(Excerpts from a dataset)
##########

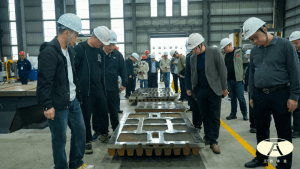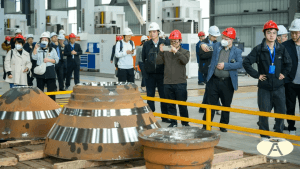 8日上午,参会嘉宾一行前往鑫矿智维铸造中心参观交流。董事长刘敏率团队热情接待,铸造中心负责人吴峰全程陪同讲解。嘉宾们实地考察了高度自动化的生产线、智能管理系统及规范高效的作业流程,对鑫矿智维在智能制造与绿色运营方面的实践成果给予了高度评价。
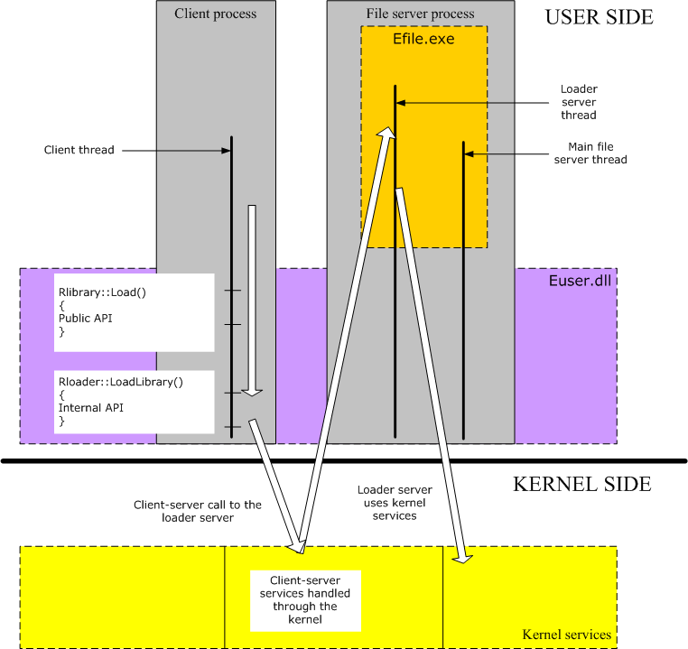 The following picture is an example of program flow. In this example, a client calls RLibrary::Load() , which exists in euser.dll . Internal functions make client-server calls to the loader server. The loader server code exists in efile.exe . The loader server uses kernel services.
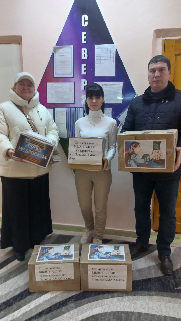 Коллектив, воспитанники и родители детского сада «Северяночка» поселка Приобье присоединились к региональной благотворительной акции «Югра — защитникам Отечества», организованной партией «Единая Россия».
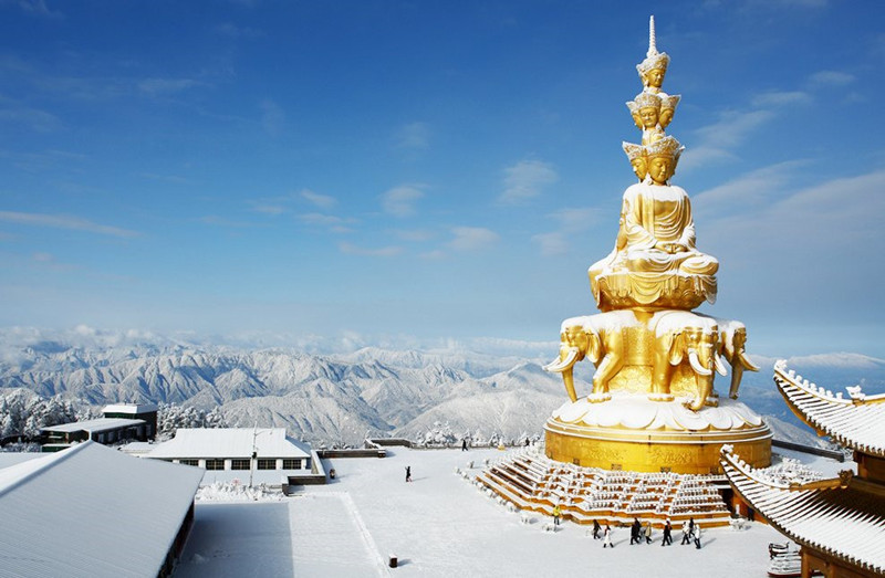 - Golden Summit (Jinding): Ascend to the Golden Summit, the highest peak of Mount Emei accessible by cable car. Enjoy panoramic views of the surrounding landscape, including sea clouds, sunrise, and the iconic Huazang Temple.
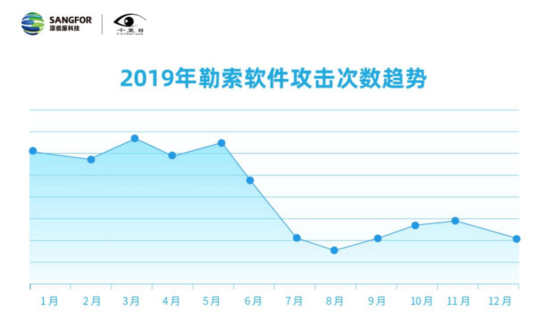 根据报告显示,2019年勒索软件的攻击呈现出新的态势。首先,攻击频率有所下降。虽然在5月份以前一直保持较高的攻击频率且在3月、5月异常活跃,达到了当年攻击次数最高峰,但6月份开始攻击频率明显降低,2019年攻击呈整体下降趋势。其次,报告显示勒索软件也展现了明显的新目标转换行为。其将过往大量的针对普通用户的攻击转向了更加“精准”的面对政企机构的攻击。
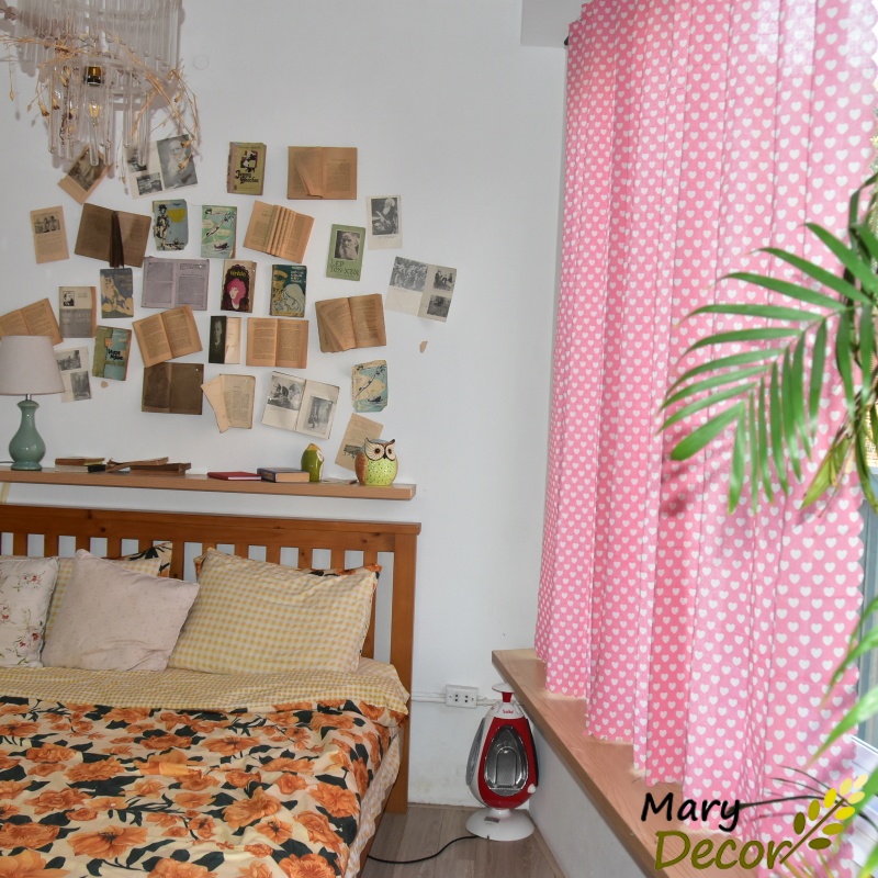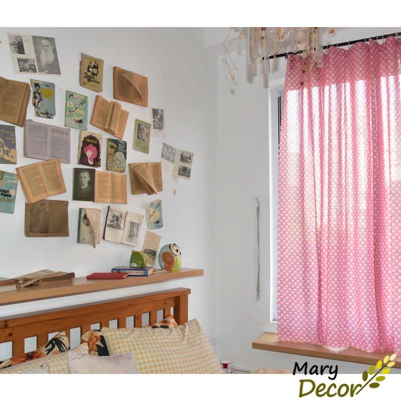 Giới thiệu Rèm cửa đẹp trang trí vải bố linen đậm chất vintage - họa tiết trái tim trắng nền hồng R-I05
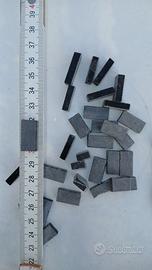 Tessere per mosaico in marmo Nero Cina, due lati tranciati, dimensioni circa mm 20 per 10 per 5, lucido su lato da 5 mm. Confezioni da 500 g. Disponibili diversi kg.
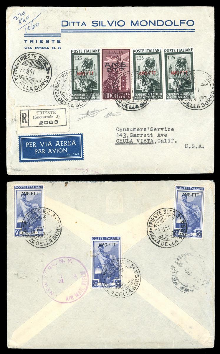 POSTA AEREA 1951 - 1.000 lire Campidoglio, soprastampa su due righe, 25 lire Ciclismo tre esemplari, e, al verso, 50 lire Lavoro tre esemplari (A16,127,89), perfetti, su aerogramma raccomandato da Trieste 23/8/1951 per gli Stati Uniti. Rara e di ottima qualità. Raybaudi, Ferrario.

##########

[Instructions to follow]
All lines above starting at the one with "根据报告显示,2019年勒索" and ending at the one with "Giới thiệu Rèm", inclusive, are to be printed again exactly, with the pictures left out.

[Written answer]
 根据报告显示,2019年勒索软件的攻击呈现出新的态势。首先,攻击频率有所下降。虽然在5月份以前一直保持较高的攻击频率且在3月、5月异常活跃,达到了当年攻击次数最高峰,但6月份开始攻击频率明显降低,2019年攻击呈整体下降趋势。其次,报告显示勒索软件也展现了明显的新目标转换行为。其将过往大量的针对普通用户的攻击转向了更加“精准”的面对政企机构的攻击。
 Giới thiệu Rèm cửa đẹp trang trí vải bố linen đậm chất vintage - họa tiết trái tim trắng nền hồng R-I05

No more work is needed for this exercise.